Ninguém se pode casar a acreditar que, «quando estivermos juntos é que nos vamos entender», pois essa base tem que existir no namoro e tem de ser um processo interior, algo que se sente. Temos de encontrar consensos nos momentos diários e, compreender até que ponto ambos estão dispostos a fazer cedências, a valorizar a vida conjunta, a dar de si e a abdicar em prol de ambos.
 
Se esta base não existe no namoro, dificilmente vai desenvolver-se no quotidiano, muito menos com o nascimento de um filho, com as despesas e as dificuldades diárias.
 
Já Quintino Aires dizia num dos seus apontamentos relativamente a este tema que, «o namoro serve precisamente para nos conhecermos melhor, para sabermos se estamos com a pessoa certa e, se é essa a pessoa com quem queremos partilhar os nossos dias, sonhos, projectos e características. 
 
Podemos namorar muitas pessoas até sabermos quem é a que melhor se encaixa na nossa personalidade e, com os nossos planos de vida, pelo que, é mesmo para isso que serve esse tempo de conhecimento que se designa por namoro.
 
O namoro é um compromisso relativo, pois pode ser duradouro e dar lugar ao casamento ou, simplesmente acrescentar-nos enquanto experiência.
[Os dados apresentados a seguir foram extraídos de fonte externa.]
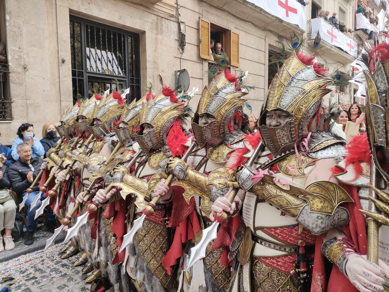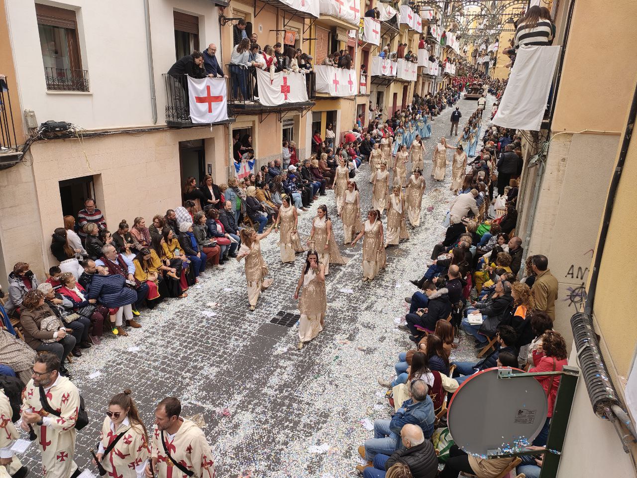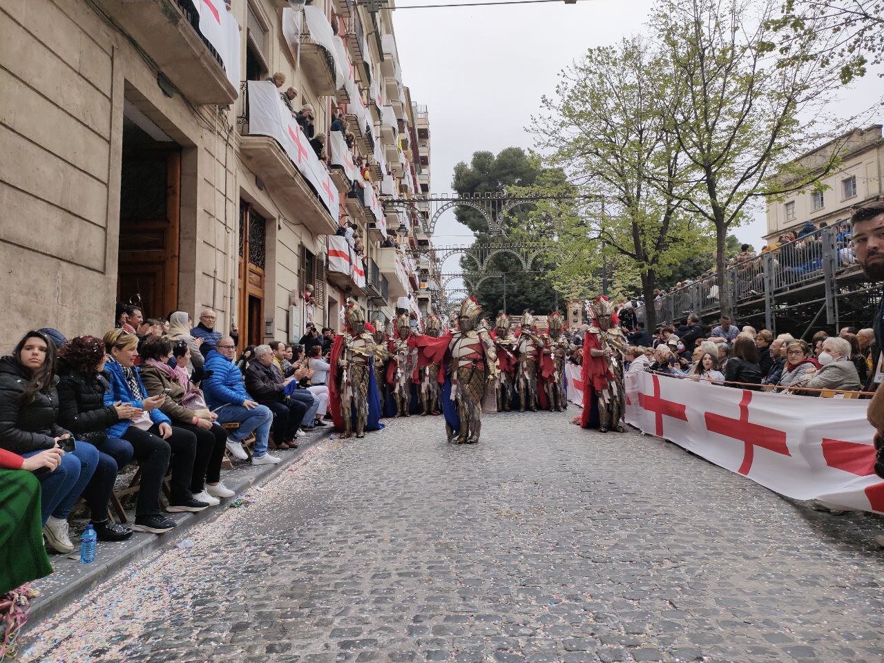 Joaquin Brotons, alferes 2022, ha tancat amb els Creuats l'entrada cristiana. Amb un disseny de Jose Moiña, tant per als vestits del capità, dames i rodella com per al boato. I acompanyat per la Societat Nova d'Alcoi que interpreta Ioam de José Rafael Pascual Vilaplana.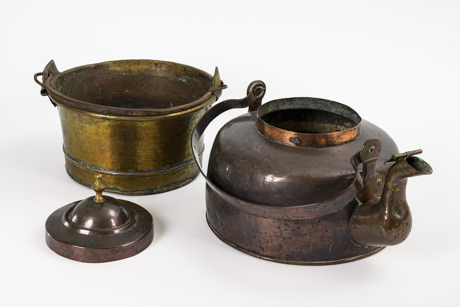 Riesiger Kupferkessel mit Messingknauf auf dem Passdeckel und Scharnierdeckel auf der gewinkelten Tülle sowie scharnierter Tragegriff. Der Korpus mit einer Schränkennaht und angefalztem Boden. / Leicht konischer Eimer mit gebördeltem Rand an der getriebenen Wandung, angefalzten Sockelring und Boden sowie angenietete Attaschen für den Eisenhenkel. Kanne einige leichte Beulen, Eimer starke Beulen, Lötreparaturen an den Falzen und Ergänzungen an den Attaschen; je Kalkablagerungen.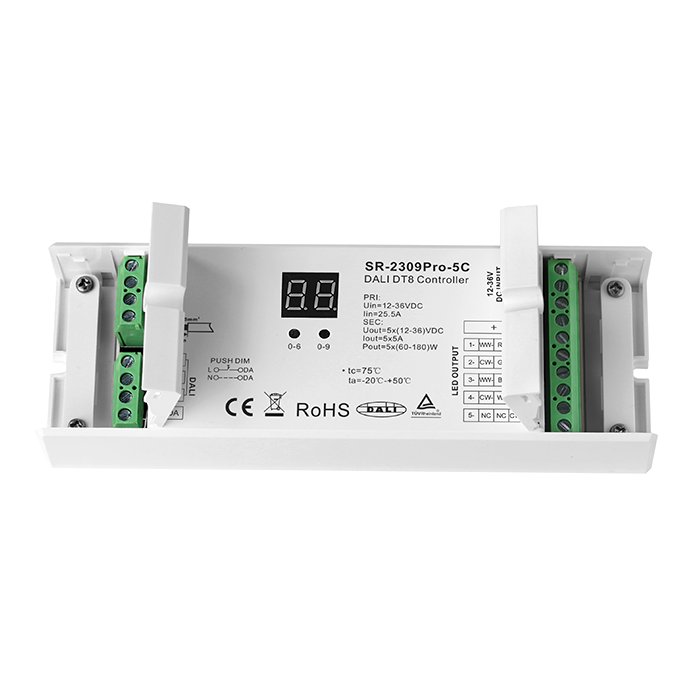 DALI Dimmer für LED-Streifen CCT, RGB, RGBW, RGBWW und einfarbig ist ein Gerät, das verwendet wird, um die Intensität und Farbmischung von LED-Streifen in Smart Home-Anwendungen für die Haushalts- oder Industrieautomation zu regulieren. Der RGB-DALI-Treiber für LED-Beleuchtung unterstützt die DALI-2 Version (DT6 und DT8). Ein weiterer Vorteil ist die Möglichkeit, den DALI-RGBW-Driver über einen DALI-PUSH-Dimmer steuern. In diesem Modus wird die Intensität aller Kanäle gleichzeitig eingestellt. Sie können den DALI-RGB-CCT Controller SR-2309PRO-5C für die folgenden Anschlussszenarien verwenden:
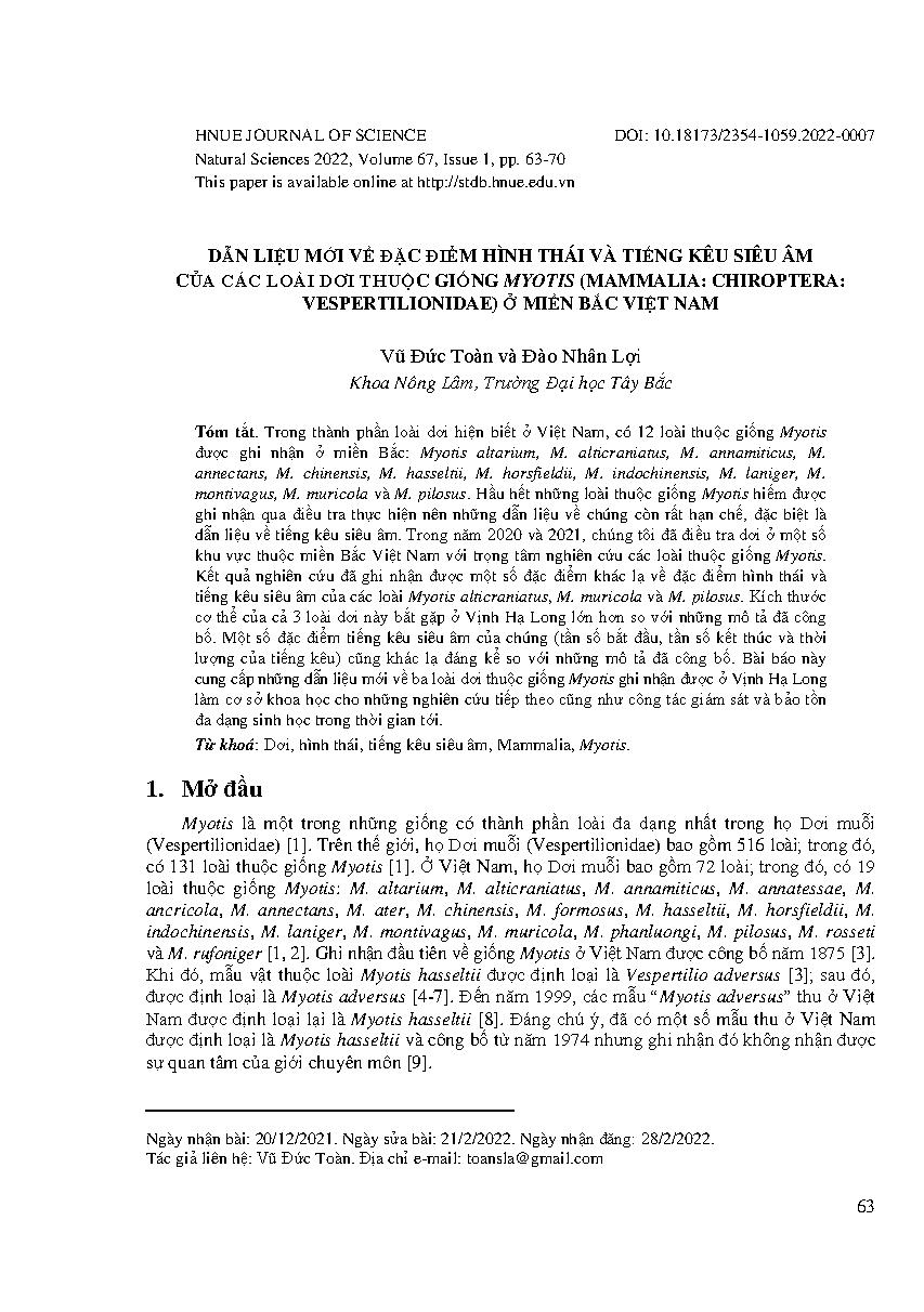 Dẫn liệu mới về đặc điểm hình thái và tiếng kêu siêu âm của các loài dơi thuộc giống myotis (Mammalia: Chiroptera: Vespertilionidae) ở miền Bắc Việt Nam = New morphological and acoustic records of Myotis species (Mammalia: Chiroptera: Vespertilionidae) fr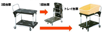 1台で(1段台車、2段台車、トレイ台車)の3つの使い分けができる運搬用マルチ台車。 | トリプルカート運搬車 品番 M385TW-95RRMシリーズ 価格は下記を参照下さい |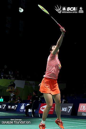 Wang Shixian (China) mengembalikan shuttlecock ke arah Bae Teon Ju (Korea).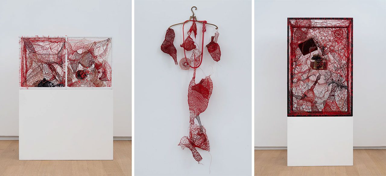 Photo Left: Chiharu Shiota, Inside Memory, 2025 Mixed media, 45 x 45 x 80 cm, 17 3/4 x 17 3/4 x 31 1/2 inches, © Chiharu Shiota, Courtesy the artist and Templon Gallery. Photo Center: Chiharu Shiota, Forgotten Memories, 2025 Mixed media, 135 x 55 x 20 cm, 53 1/4 x 21 3/4 x 7 7/8 inches, © Chiharu Shiota, Courtesy the artist and Templon Gallery. Photo Right: Chiharu Shiota, Inside Memory, 2025 Mixed media, 120 x 80 x 45 cm, 47 1/4 x 31 1/2 x 17 3/4 inches, © Chiharu Shiota, Courtesy the artist and Templon Gallery

Se não nos damos bem no namoro, o melhor é pensar bem se queremos arriscar algo mais com essa pessoa».
 
Para finalizar, é importante ter em conta alguns pontos: se o casamento corre mal, existe a separação, se estivermos disponíveis para mudar alguns pontos em nós mesmos e a dividir a nossa essência com o outro, facilmente se encontra um casamento feliz. 
 
Num tempo em que se tem uma maior liberdade de escolha quer para o namoro, quer para o casamento, não faz sentido, viver o amor sob pressão e sem a certeza de que, pelo menos naquele momento, aquela pessoa nos faz felizes e acreditamos que assim possa perdurar a relação. 
 
Não podemos arrastar a mentalidade do passado de, olhar para o outro, ver se é aceite pelos amigos, se é a escolha dos pais e demais familiares… pois casar implica uma escolha individual e muitos sentimentos que, ou se assumem ou não. Não se pode, nem deve casar só porque os outros o fizeram, sugeriram uma pessoa para nós e, «está na idade», pois o casamento deve ser muito mais do que isso. É um acto de responsabilidade que deve ser ponderado com respeito mútuo.